07 March 2011

2012: Does Republican reticence create an opening for independents?

Suddenly, and without any sharp surge in the President's popularity, Republicans seem pessimistic about their chances of ousting him in next year's national election. Complaints are heard about a lackluster field of potential nominees remaining after several presumed contenders recently talked themselves out of running. Grumbling probably grew louder after Fox News put pressure on Newt Gingrich and Rick Santorum to declare whether they were going to run or not. The network has suspended both men for sixty days, within which time each must declare whether or not he'll run. They must state clearly that they won't run, or else they'll lose their jobs, which they would give up anyway as declared candidates. Republicans and outsiders alike have observed that Fox's two highest-profile papabili, Mike Huckabee and Sarah Palin, have been put under no such pressure that anyone outside Fox knows of. Fox News flacks explain this by arguing that Gingrich and Santorum have advanced to a point where the network feels obliged to force a choice on them, while Huckabee and Palin are supposedly much less closer to declaring themselves. The decision seems too arbitrary to be a mere enforcement of appropriate journalistic ethics. It would be proper for Fox to dump any of these Republicans once he or she has declared a candidacy, but that's not the standard imposed on Gingrich and Santorum. They must decide whether to form exploratory committees within sixty days, while Palin and Huckabee, whose celebrity probably allows them to start the groundwork for a campaign much later, get to coast on the Fox News payroll for some reason.

I won't put it past Fox News to try to manipulate the GOP nomination process, but other hopefuls (or hoped-fors) have dropped out without prodding from the network. In these other cases, we may see Republicans facing the unanticipated consequences of their own ideological preferences. While certain officials may say they like their chances better in 2016 than against an eminently vulnerable incumbent, I suspect that more than the Bill Clinton scenario, in which Republican congressional victories in 1994 all but assured his re-election two years later, is weighing on their minds. I think it comes down to money. Under the rules they wanted, and which the Supreme Court gave them, many Republicans are going to find that the game is too expensive to play. The need to fundraise during a presumably competitive early primary season, followed by a still-harder push toward the general election, is probably too daunting for many people who might otherwise take a shot. While the Republican party certainly rejoiced that the Citizens United decision would assure a great flow of corporate money their way, the decision came with no guarantee that any aspirant to a Republican nomination would be flooded with funds. Citizens United empowered the party as a bureaucratic whole rather than individual Republicans and probably makes it more likely that the deck will be stacked against any Republican with insurgent or unorthodox ambitions. Meanwhile, money will most likely make its choice among Republicans long before primary voters get their turn.
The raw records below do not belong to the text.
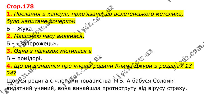 1. Послання в капсулі, прив’язаній до велетенського метелика, було написане почерком Б – Жука. 2. Машиною часу виявився. Б - «Запорожець». 3. Одна з підказок містилася в В – помідорі. 4. Що ви дізналися про членів родини Клима Джури в розділах 13-24? Що уся родина є членами товариства ТТБ. А бабуся Соломія видатний учений, вона винайшла протиотруту від вірусу страху.
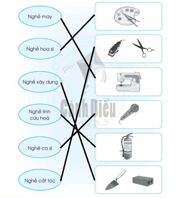 – Sau đó nối tên nghề với dụng cụ lao động phù hợp.
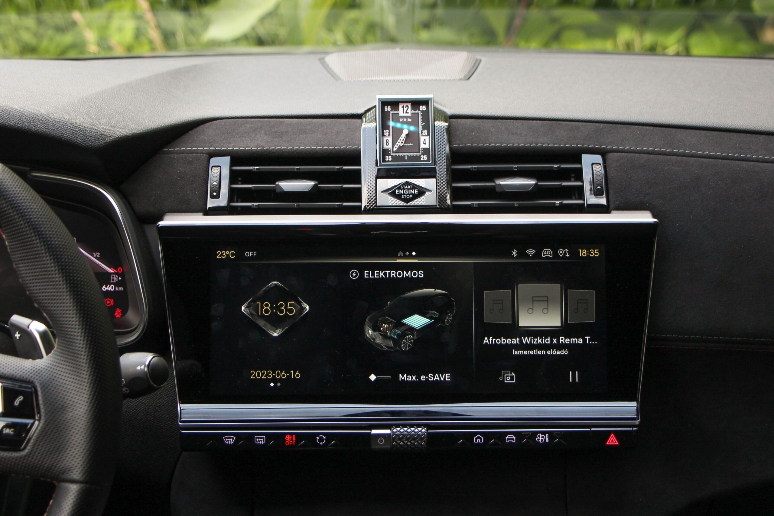 Bent már nem olyan nagy a változás, aki már ült DS-ben, mindent magától értetődőnek fog találni, aki viszont még nem ült a francia luxusmárka termékeiben, egy kicsit talán túlbonyolítottak fogja találni. Ám ez hamar elmúlik, amint hozzászokik az extravagáns megoldásokhoz, például a kardánalagútra helyezett ablakemelő gombokhoz, vagy épp az indítógomb pozíciójához, ami a középkonzol tetején kapott helyet a felnyíló, illetve lecsukódó analóg óra alatt. Utóbbit továbbra is ki kell emelnem, nekem még mindig nagyon tetszik, egyáltalán nem érzem túltoltnak
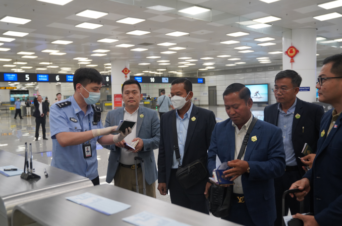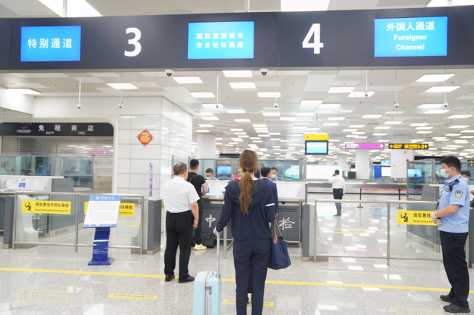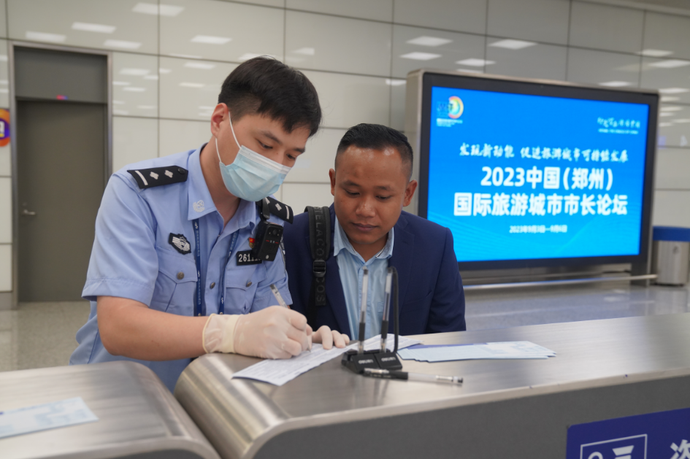 9月3日上午11时许,新郑国际机场迎来一批2023中国(郑州)国际旅游城市市长论坛参会嘉宾,来自柬埔寨金边国际航班上共16人在郑州边检站民警的高效验放下顺利入境。
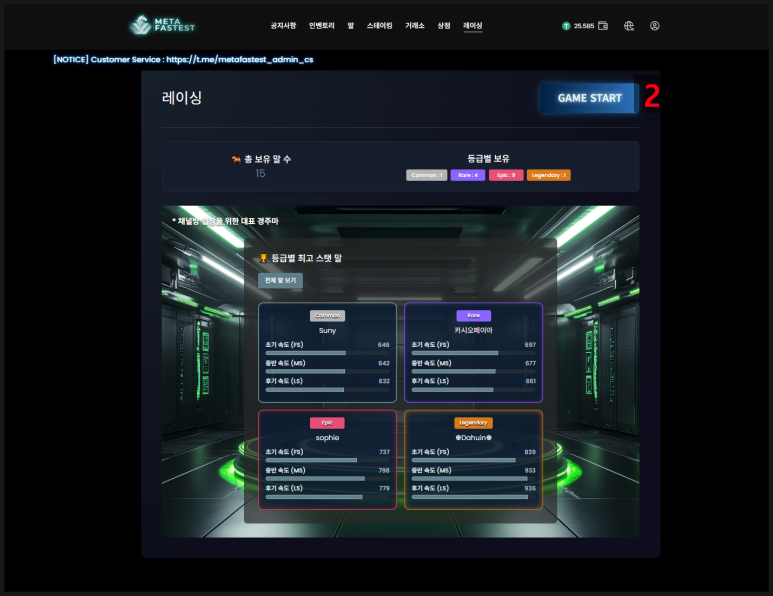 나의 NFT 경주마 레이싱.. 경기 번호 찾기
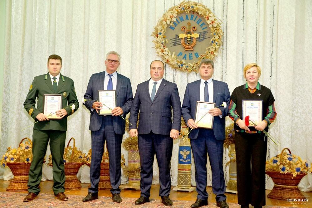 Александр Савченко вручил Благодарственные письма за оказанную помощь в уборке урожая ОАО «Климовичский комбинат хлебопродуктов» (директор Василий Захаренко), УКП «Коммунальник» (директор Сергей Володкович), Климовичскому лесхозу (директор Михаил Степанов), государственному аграрному колледжу (директор Татьяна Кондратьева).
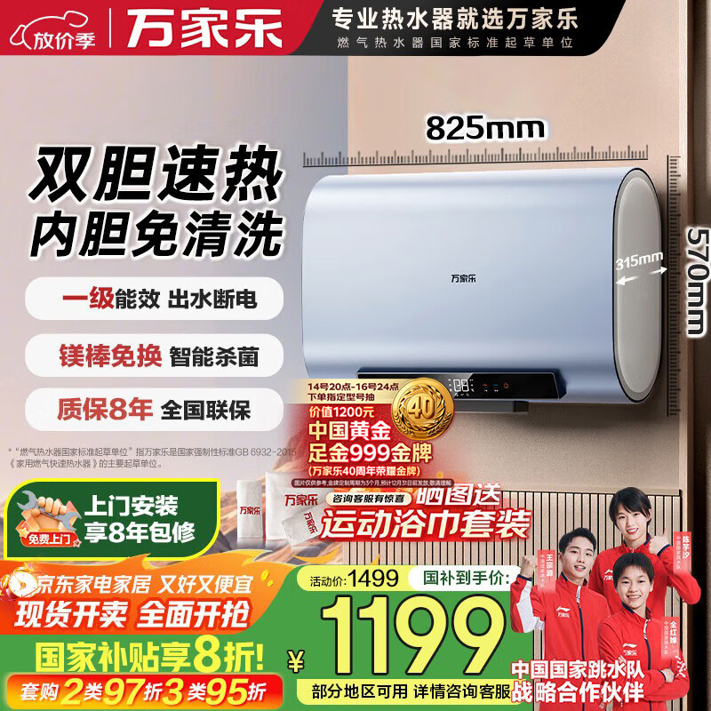 万家乐【云翼小蓝瓶D60-B5D1内胆免清洗】电热水器60升 双胆扁桶镁棒免换出水断电一级能效国家补贴20%
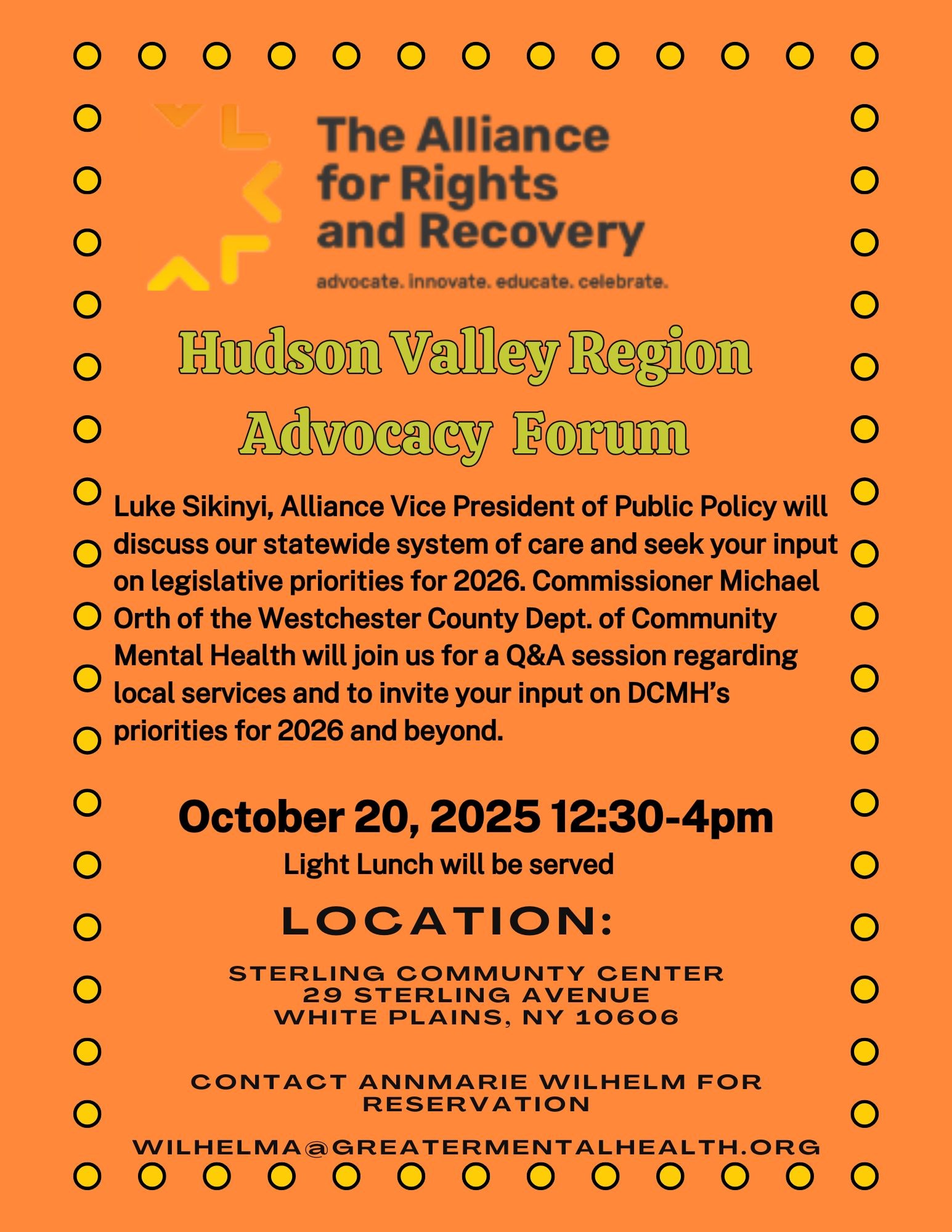 - Hudson Valley – October 20, 2025, 12:30-4:00pm
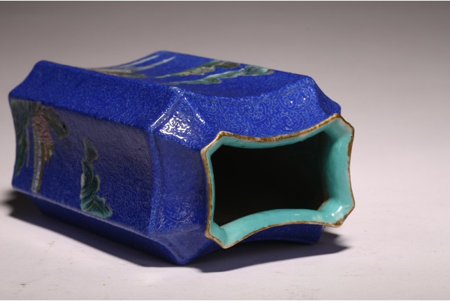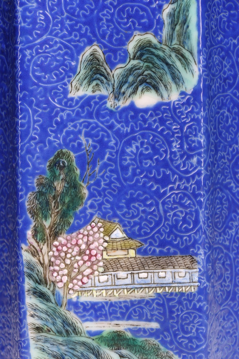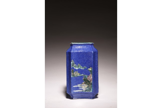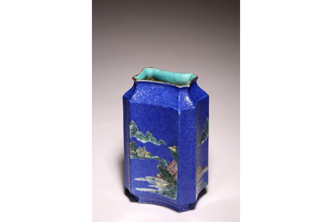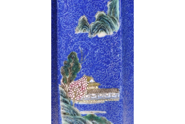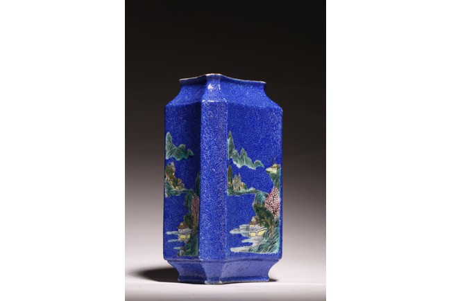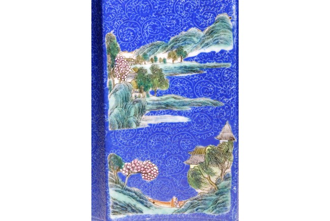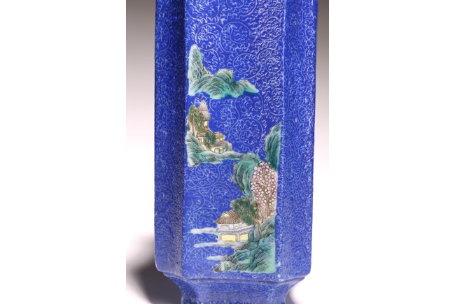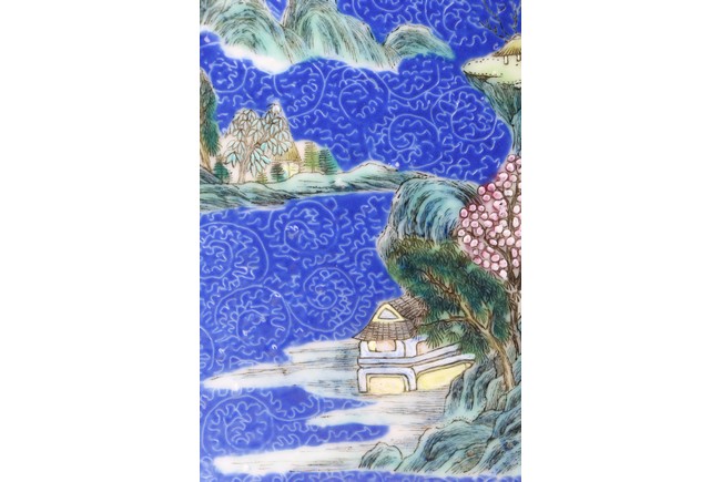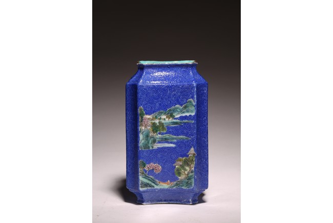 微敞口,斜頸,直腹,矮圈足。藍地紮道爲地,軋道,又叫雕地, 宮中稱錦上添花。粉彩繪“山水紋飾”,色彩鮮豔,畫工精細。“乾 隆年制”款識。
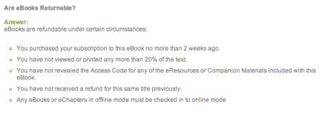 Fortunately, the CourseSmart Help page is infinitely more useful than that of CengageBrain, which at this point seemed more and more like a scam. CourseSmart offers instructions on where to go if you’d like to process a refund, so I dutifully followed its directions and wound up here:
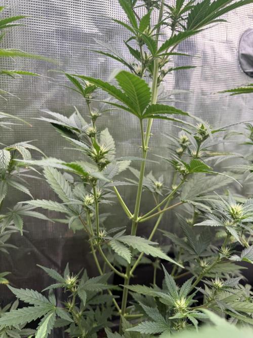 La mayoría de las niñas ya tienen cogollos pequeños los cuales esperamos que crezcan sanos y fuertes en esta semanas que faltan, con respecto a los nutrientes hemos agregado otros en esta etapa y hemos quitado algunos otros… se las ven bien, aunque muestren alguna marca de exceso en las hojas ya está cn el nivel justo y van mostrando mejoría día a día, más adelante más novedades…
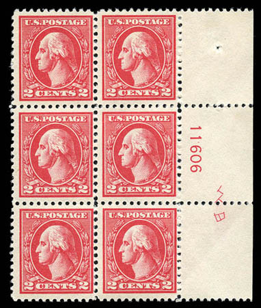 1918, 2¢ carmine Offset, type VI (528A), right margin plate no. block of 6 with initials "WB" (pressman Walter Boddecker), exceptionally bright and fresh, Fine and quite rare. Scott $800+
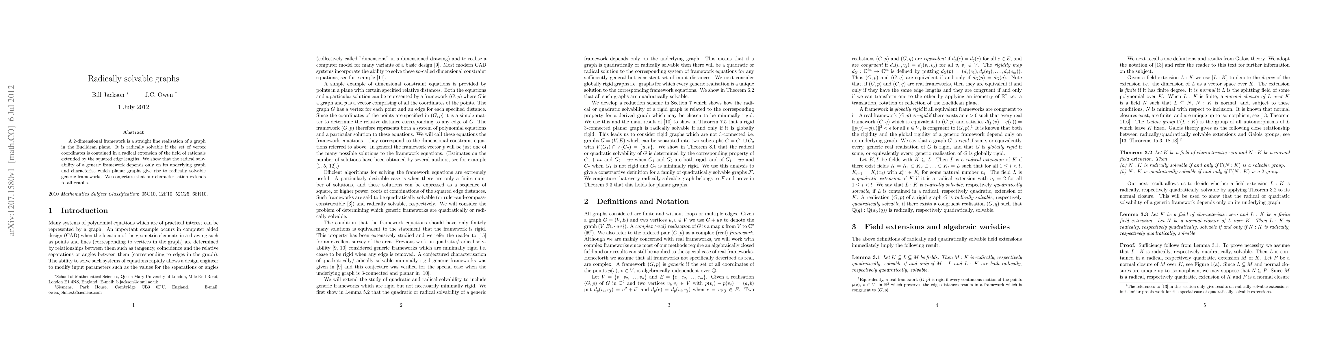 A 2-dimensional framework is a straight line realisation of a graph in the Euclidean plane. It is radically solvable if the set of vertex coordinates is contained in a radical extension of the field of rationals extended by the squared edge lengths. We show that the radical solvability of a generic framework depends only on its underlying graph and characterise which planar graphs give rise to radically solvable generic frameworks. We conjecture that our characterisation extends to all graphs.

Does this apparent slip in Republican morale create an opportunity for a serious challenge to Obama to come from outside the GOP? Whatever Republicans think about the incumbent's abilities as a campaigner and fundraiser, he remains profoundly unpopular among many segments of the population, as does the debt-ridden, allegedly bloated government he symbolizes. While any Republican candidate is probably assured of a large vote as the "only" alternative to Obama, the feeling already stirring that the GOP may not present an adequate alternative to Obama may surge early enough to get people seeking alternative alternatives. Regrettably, the only person currently exploiting this early dissatisfaction is the inexplicable Donald Trump, a living cartoon of wealth whose habit of firing temporary workers at scheduled televised intervals is a lumpen fantasy of leadership and little more. If anyone else hopes to make a move, now is probably the time to generate enthusiasm while the opposition to Obama seems unenthusiastic over its existing options. This is not necessarily the time to seek a leader, but now is the time to start telling people that the Republican party (or the "right" in general, for that matter) is not the only alternative to Four More Years, before the GOP regains enough confidence to insist otherwise. This is the time to start building a movement in a public way, loudly, like the Tea Partiers did, in the hope that leadership will come later -- a year or so from now -- by the people's choice.

1 comment:

Anonymous said...

Good luck with that one. If it interferes with football season, baseball season or "March madness", people won't be bothered turning off their tv. If it interferes in any way with the interminable search for entertainment that figures so highly in the American mindset, you can forget about it.

"The People" have spoken and what they've said is - "Shut up I'm watching TV, guzzling alcohol and trying to have fun."